▶ **Task item**
Begin your copy at the line with "Um neue Erkenntnisse" in the records below and end it at the line with "El primer método", restating each line word for word; omit the pictures.

▶ **Provided data**
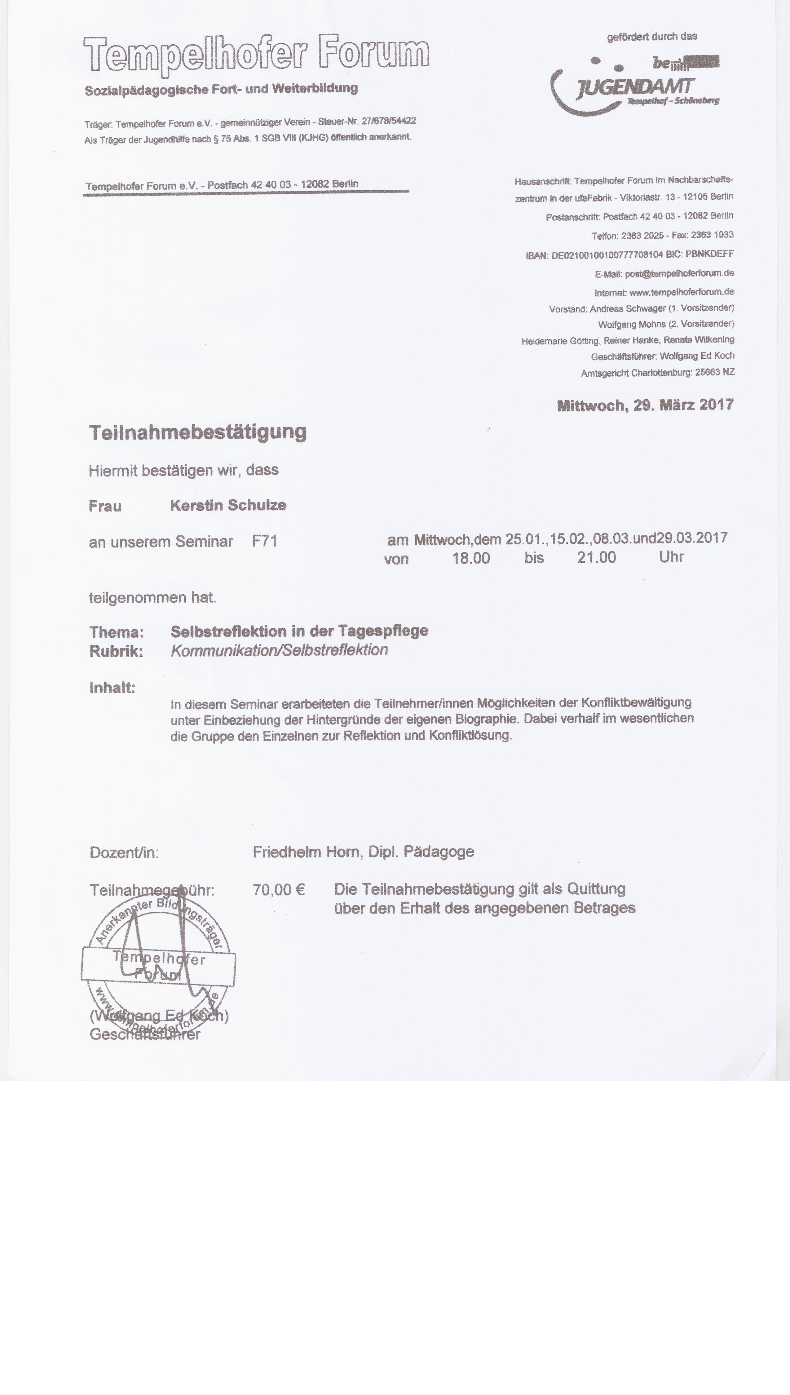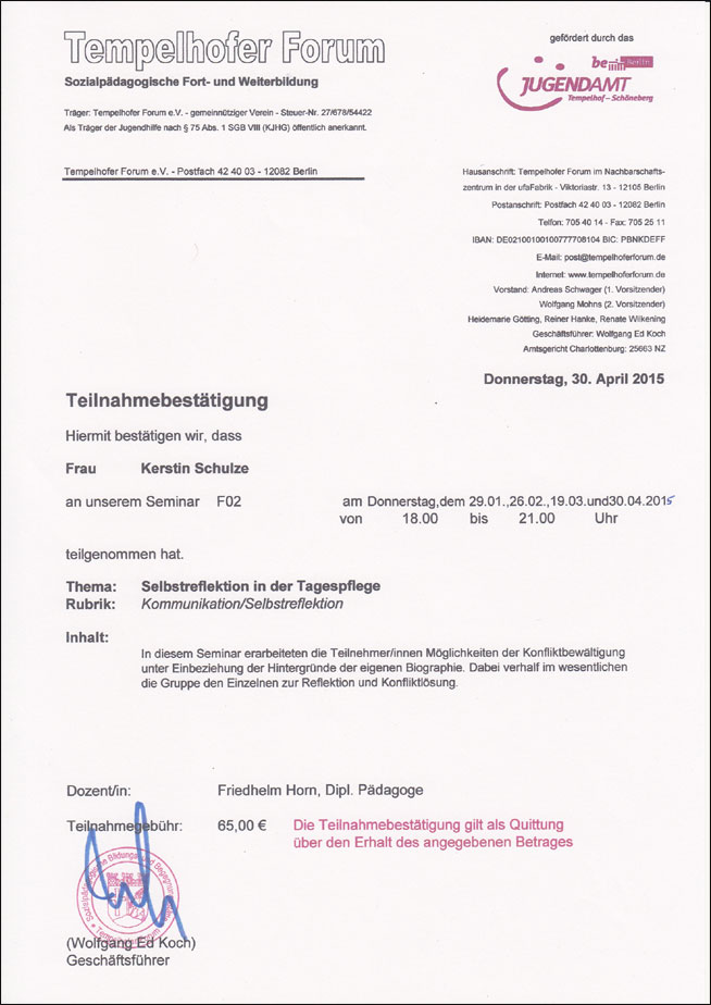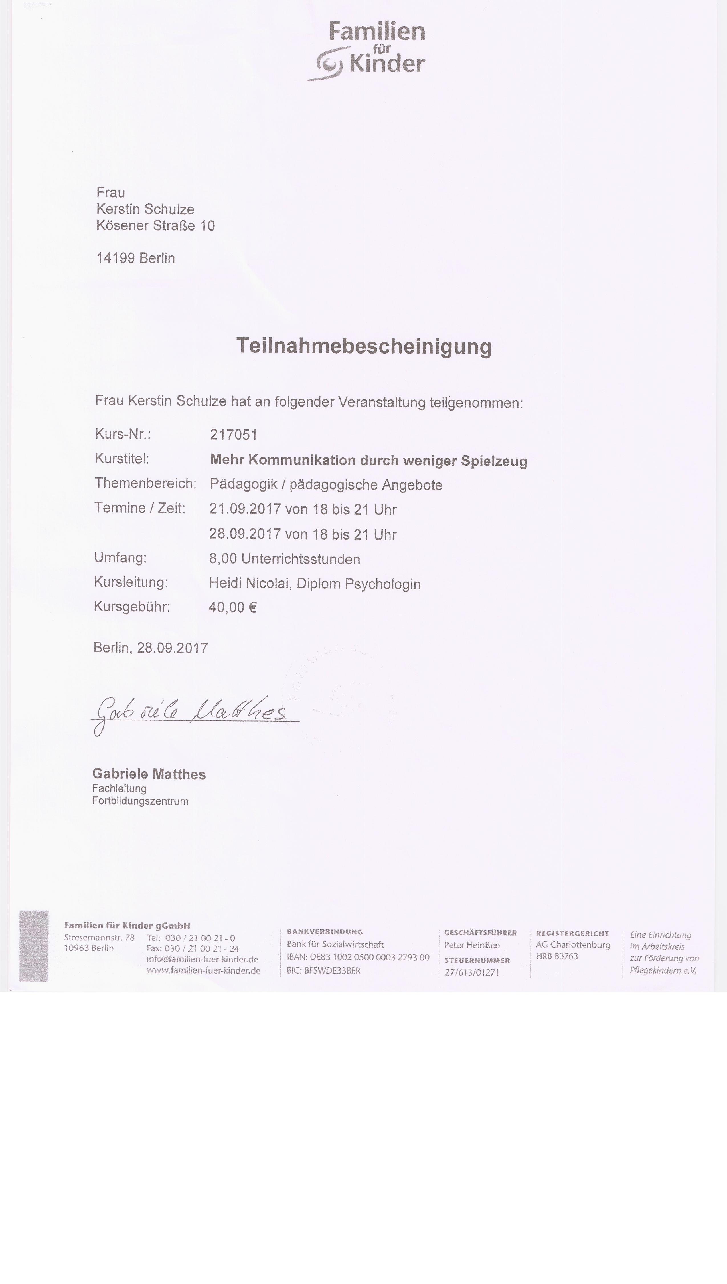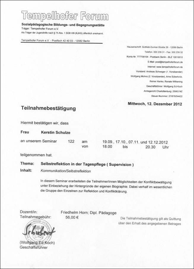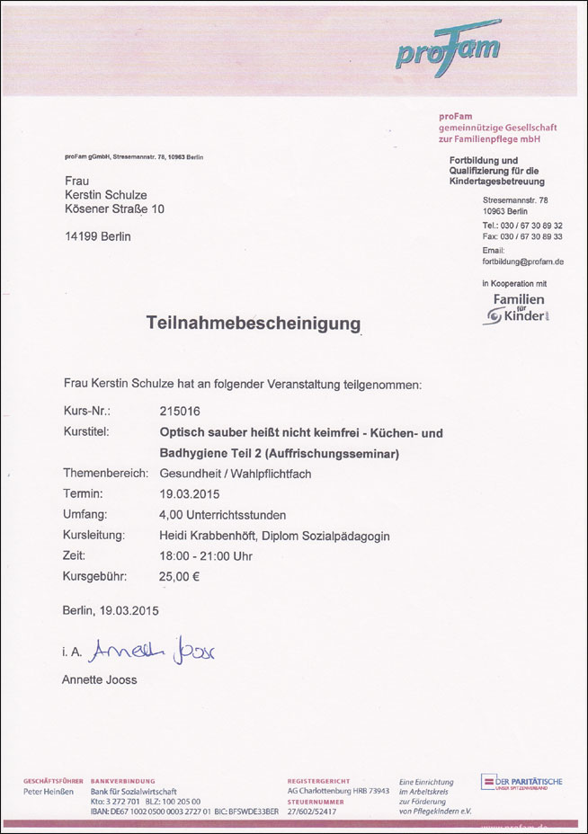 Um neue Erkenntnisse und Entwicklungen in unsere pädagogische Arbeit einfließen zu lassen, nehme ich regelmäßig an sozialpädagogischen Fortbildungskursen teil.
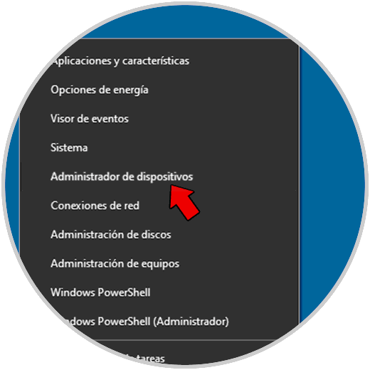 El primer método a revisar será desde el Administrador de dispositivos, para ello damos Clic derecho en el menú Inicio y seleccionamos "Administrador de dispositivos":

---

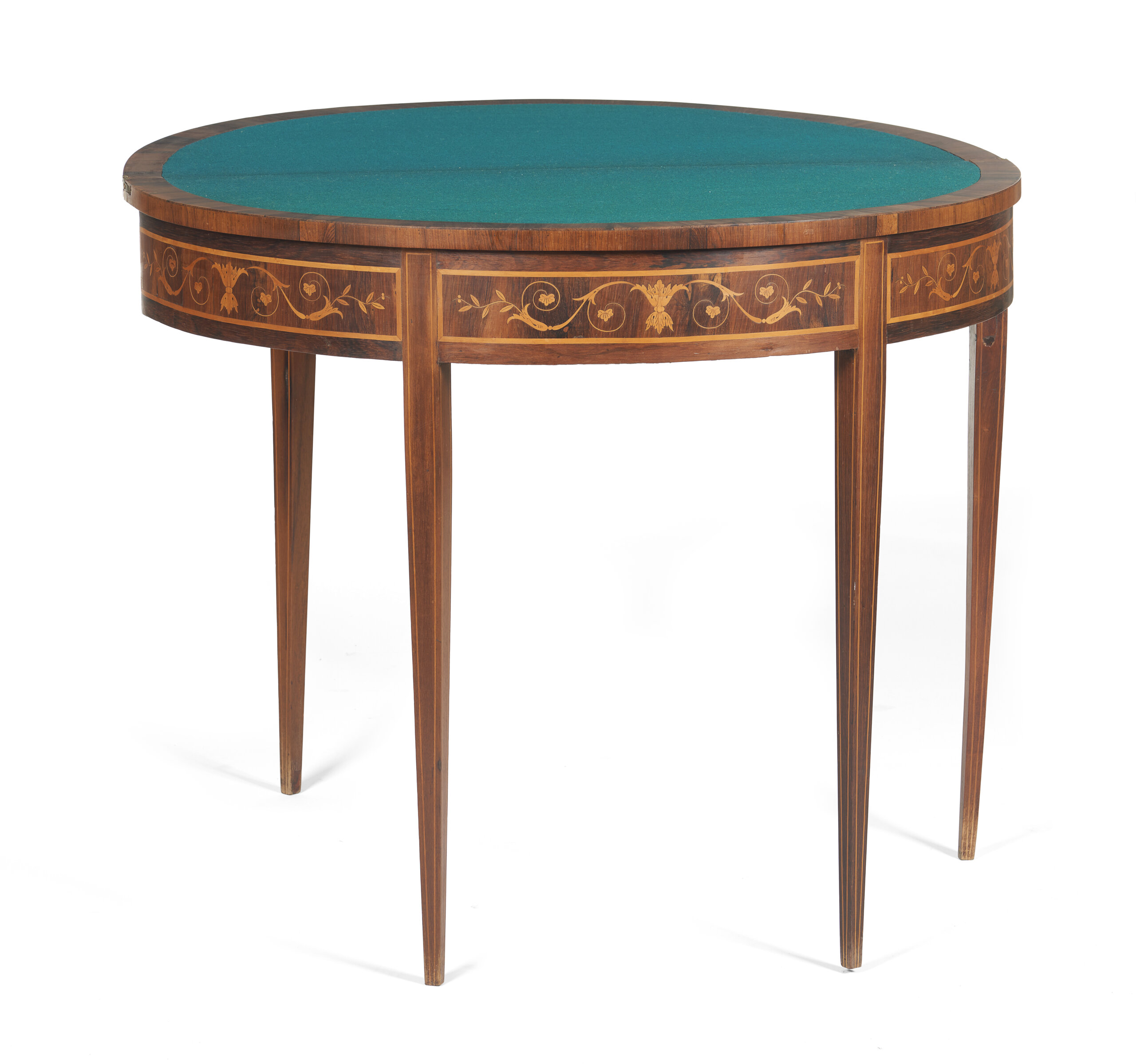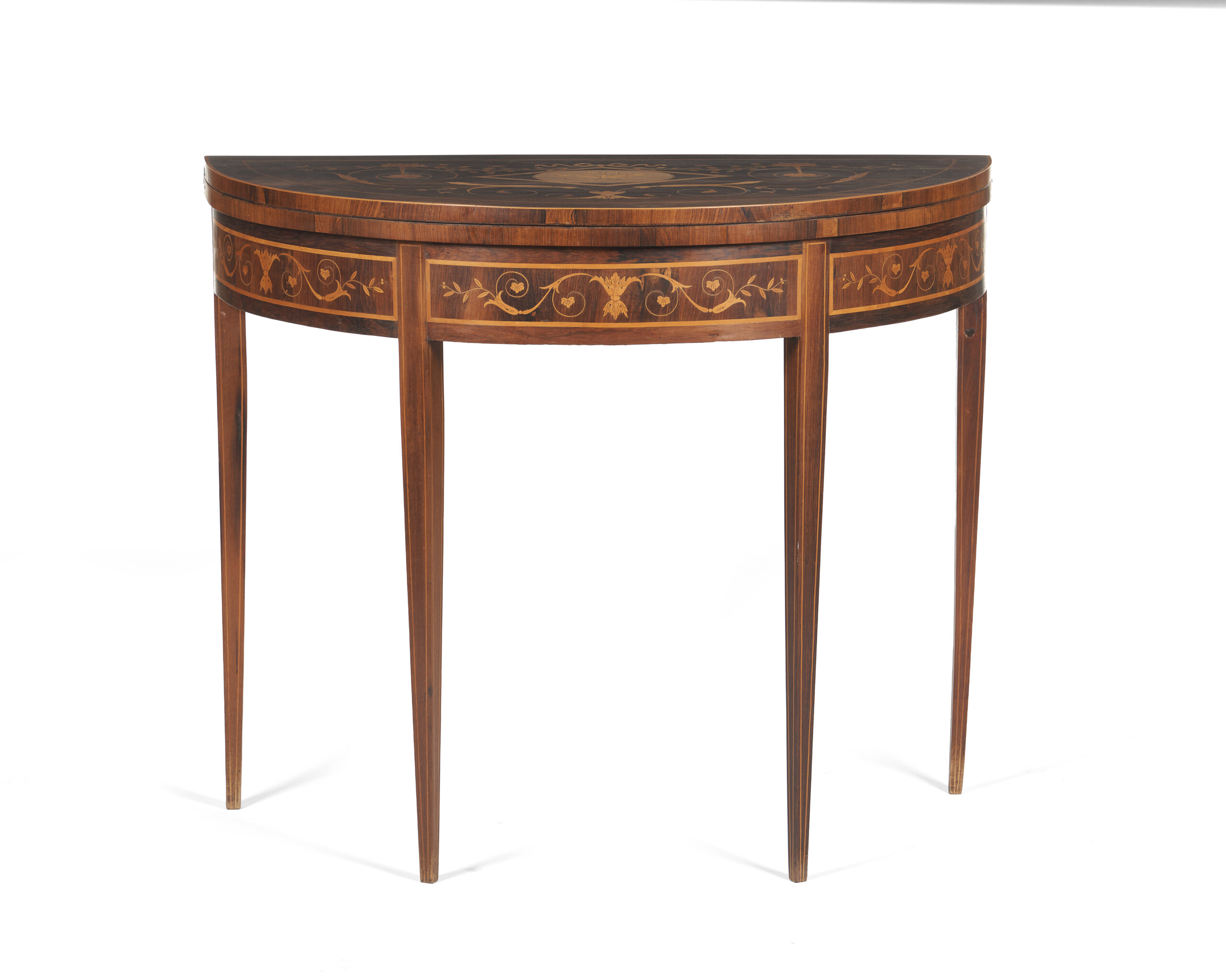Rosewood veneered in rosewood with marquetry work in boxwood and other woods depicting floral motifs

▶ **Output**
 Um neue Erkenntnisse und Entwicklungen in unsere pädagogische Arbeit einfließen zu lassen, nehme ich regelmäßig an sozialpädagogischen Fortbildungskursen teil.
 El primer método a revisar será desde el Administrador de dispositivos, para ello damos Clic derecho en el menú Inicio y seleccionamos "Administrador de dispositivos":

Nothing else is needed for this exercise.